The trick is to use the binary representation for the generated random number.  For example, to generate a random within [0, 5),  we need to call random(0, 1) 3 times since 2 ^ 3 = 8.  If call random(0, 1) 2 times, we only have 2 ^ 2 = 4 random numbers.  We only need to keep random number less than 5, and if we get a number is greater than 4, we just retry until we get the number is less than 5.   Below is the binary representation for 3 runs of random(0, 1)

#run #3   #2   #1
          0    0     0        0
          0    0     1        1
          0    1     0        2
          0    1     1        3
          1    0     0        4
          1    0     1        5
          1    1     0        6
          1    1     1        7


The informal proof of the above algorithm is that the chance to generate each number is same (1/8).  Since we only keep the number from 0 to 4, the chance to generate the number from 0 to 4 is still same.  Then the above algorithm does generate the correct random numbers.  I ran this program on my machine to generate random number from 7 to 12 (exclusive) for 10 million times, and here is the result:

7:   1997855
8:   2000311
9:   2000140
10: 2000369
11: 2001325

Maximum subarray

This is an interview question:

Given an integer array, find the max sum in any contiguous sub-array.  If all elements are negative, then the sum is 0. The following code just finds the max sum without returning the start and end indexes:

public class MaxSubArray {
    public static int maxSum(int[] input) {
        int currentSum = 0;
        int maxSum = 0;
        for (int i = 0; i < input.length; i++) {
            currentSum = Math.max(currentSum + input[i], 0);
            maxSum = Math.max(maxSum, currentSum);
        }
        return maxSum;
    }
}

The following code returns max sum with starting and ending indexes. If all elements are negative, return start and end indexes as 0 and -1, respectively.

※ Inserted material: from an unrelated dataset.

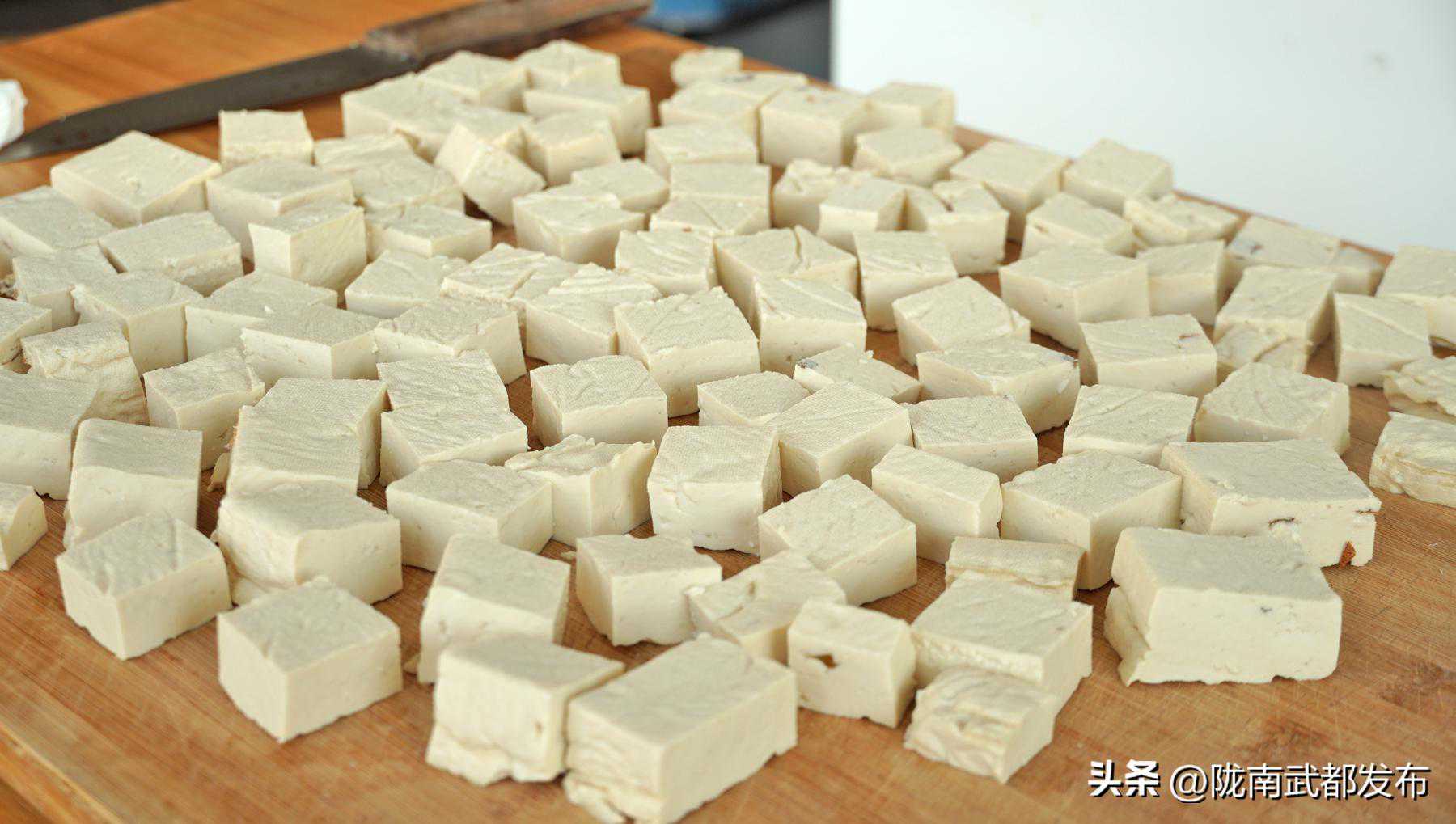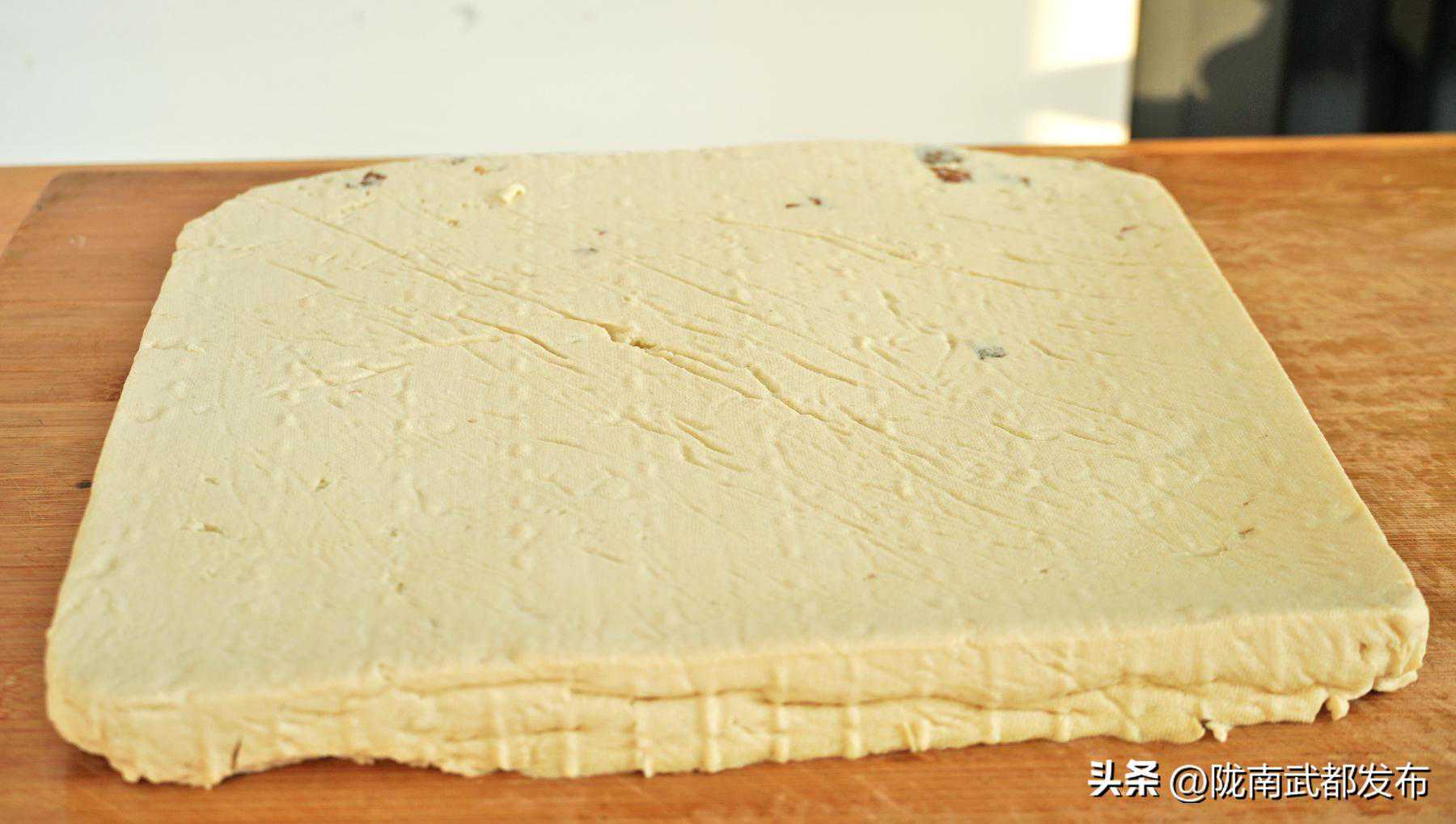 4、喜欢吃嫩豆腐的就压2-3个小时,喜欢吃老豆腐的就压一夜,这个豆腐其实比较,怎么做都会成功,主是看豆腐嫩和老的程度不同而已。

public class MaxSubArray {
    public static MaxSubArrayResult compute(int[] input) {

        MaxSubArrayResult result = new MaxSubArrayResult(0, -1, 0);
        int currentSum = 0;
        int currentStart = 0;
        for (int currentEnd = 0; currentEnd < input.length; currentEnd++) {
            currentSum += input[currentEnd];
            if (currentSum > result.maxSum) {
                result.start = currentStart;
                result.end = currentEnd;
                result.maxSum = currentSum;
            } else if (currentSum < 0){
                currentStart = currentEnd+ 1;
                currentSum = 0;
            }
        }
        return result;
    }

    public static class MaxSubArrayResult {
        public int start;
        public int end;
        public int maxSum;

        public MaxSubArrayResult(int start, int end, int sum) {
            super();
            this.start = start;
            this.end = end;
            this.maxSum = sum;
        }

        @Override
        public String toString() {
            return String.format("start = %d, end = %d, maxSum = %d", start, end, maxSum);
        }
    }
}

The run time for both method is linear (O(n)).